* _Record extracts_:
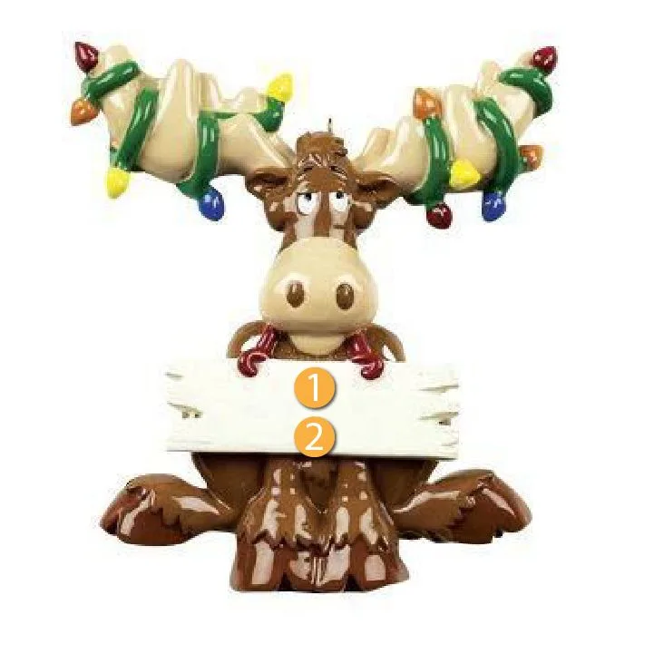 Rudolph & Me Personalized Christmas Moose Ornament is a fun decoration to add to your tree to get everyone ready for the Christmas season. This ornament features a moose decorated with festive Christmas lights holding a wood board. The wood plank gives you an area to write a personalized message or name.
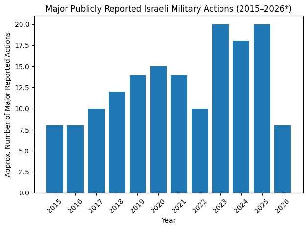 Later years show preemptive leadership decapitations, infrastructure targeting, and cross-border depth strikes.
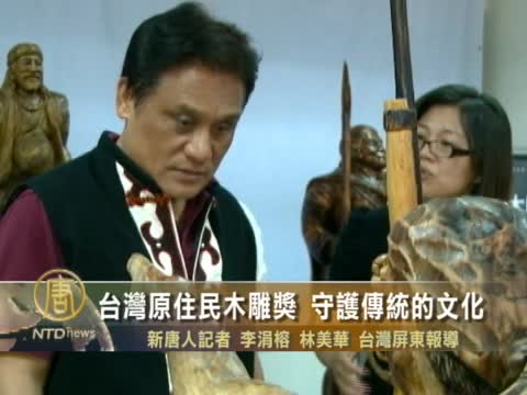 【新唐人2011年10月12日訊】電影賽德克巴萊熱映,喚起台灣人對原住民抗日曆史的關注,屏東縣舉辦第11屆全國原住民木雕獎,來自花蓮的藝術家胡銀祿,以「沙卡亨戰役抗日英雄」為主題的木雕作品,獲選為社會組首獎。今年的主題是「守護」,通過木雕工藝,希望原住民傳統的圖紋藝術能夠傳承下來。
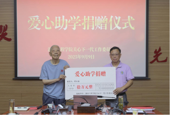 9月9日上午,beat365关心下一代工作委员会爱心助学捐赠仪式在电气楼二会议室举行。89岁高龄的原湖南纺织高等专科学校校长程应森捐赠人民币10万元,用于资助家庭经济困难学生。学校党委书记、关工委名誉主任黄昕,党委委员、副校长、关工委主任罗毅平,关工委常务副主任娄炳林参加仪式。仪式由罗毅平主持。
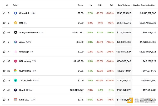 DeFi項目鎖定資產前十排名及鎖倉量 數據來源:defillama
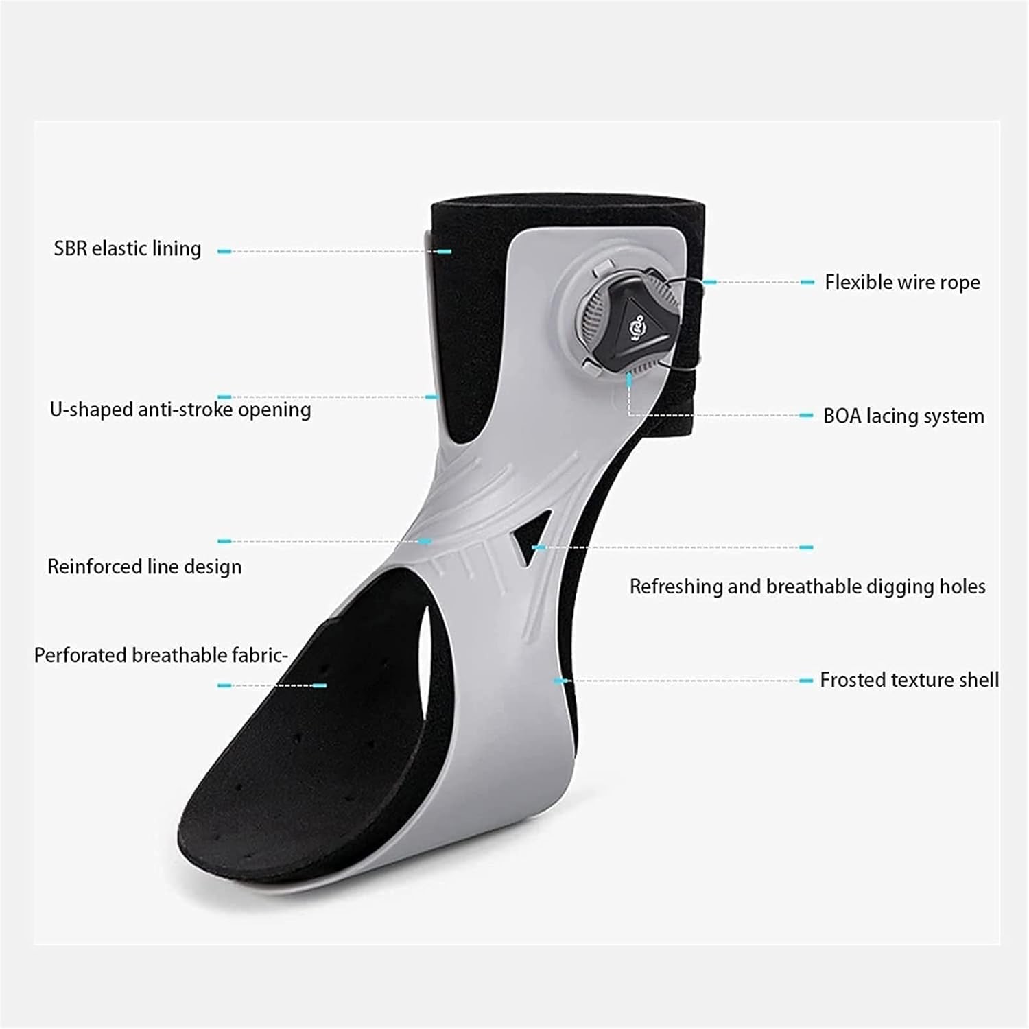 La struttura bassa e arcuata e il tallone aperto permettono al tutore di adattarsi comodamente alla maggior parte dei tipi di calzature. È realizzato in resistente polipropilene con suola semirigida e combina robustezza, flessibilità e comfort duraturo senza limitare le attività quotidiane.
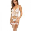 Feel ultra sexy in this exquisite bra set featuring open cups with underwire and a scalloped lace underbust, strappy details, criss-cross bust straps, adjustable spaghetti straps, a hook and eye back closure, and a matching panty with an open crotch, strappy sides, a criss-cross strappy back, and a thong cut back.
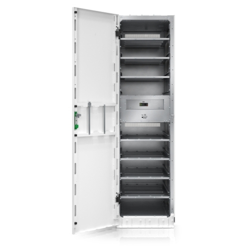 Modular battery cabinet for extended runtime for UPSs with internal batteries. The cabinet is supplied without batteries, so modular battery strings must be purchased separately. Up to 9 battery strings can be installed and monitored in the cabinet.
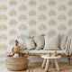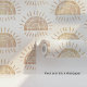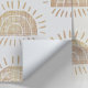 Add a touch of warmth and charm to your space with this Neutral Sun & Rainbow Blockprint Peel & Stick wallpaper. Featuring a rustic design of sun and rainbow motifs in soft, earthy tones of beige, tan, and cream, this wallpaper brings a cozy and inviting feel to any room. The hand-printed blockprint style adds a textured, artisanal quality that enhances the overall aesthetic. This removable wallpaper is both stylish and practical, allowing for easy installation and removal without damaging your walls. Perfect for a nursery, living room, or any space that needs a subtle yet uplifting decor element.

* _About this exercise_: All entries above, minus the pictures, should be repeated exactly.

* _Result_:
 Rudolph & Me Personalized Christmas Moose Ornament is a fun decoration to add to your tree to get everyone ready for the Christmas season. This ornament features a moose decorated with festive Christmas lights holding a wood board. The wood plank gives you an area to write a personalized message or name.
 Later years show preemptive leadership decapitations, infrastructure targeting, and cross-border depth strikes.
 【新唐人2011年10月12日訊】電影賽德克巴萊熱映,喚起台灣人對原住民抗日曆史的關注,屏東縣舉辦第11屆全國原住民木雕獎,來自花蓮的藝術家胡銀祿,以「沙卡亨戰役抗日英雄」為主題的木雕作品,獲選為社會組首獎。今年的主題是「守護」,通過木雕工藝,希望原住民傳統的圖紋藝術能夠傳承下來。
 9月9日上午,beat365关心下一代工作委员会爱心助学捐赠仪式在电气楼二会议室举行。89岁高龄的原湖南纺织高等专科学校校长程应森捐赠人民币10万元,用于资助家庭经济困难学生。学校党委书记、关工委名誉主任黄昕,党委委员、副校长、关工委主任罗毅平,关工委常务副主任娄炳林参加仪式。仪式由罗毅平主持。
 DeFi項目鎖定資產前十排名及鎖倉量 數據來源:defillama
 La struttura bassa e arcuata e il tallone aperto permettono al tutore di adattarsi comodamente alla maggior parte dei tipi di calzature. È realizzato in resistente polipropilene con suola semirigida e combina robustezza, flessibilità e comfort duraturo senza limitare le attività quotidiane.
 Feel ultra sexy in this exquisite bra set featuring open cups with underwire and a scalloped lace underbust, strappy details, criss-cross bust straps, adjustable spaghetti straps, a hook and eye back closure, and a matching panty with an open crotch, strappy sides, a criss-cross strappy back, and a thong cut back.
 Modular battery cabinet for extended runtime for UPSs with internal batteries. The cabinet is supplied without batteries, so modular battery strings must be purchased separately. Up to 9 battery strings can be installed and monitored in the cabinet.
 Add a touch of warmth and charm to your space with this Neutral Sun & Rainbow Blockprint Peel & Stick wallpaper. Featuring a rustic design of sun and rainbow motifs in soft, earthy tones of beige, tan, and cream, this wallpaper brings a cozy and inviting feel to any room. The hand-printed blockprint style adds a textured, artisanal quality that enhances the overall aesthetic. This removable wallpaper is both stylish and practical, allowing for easy installation and removal without damaging your walls. Perfect for a nursery, living room, or any space that needs a subtle yet uplifting decor element.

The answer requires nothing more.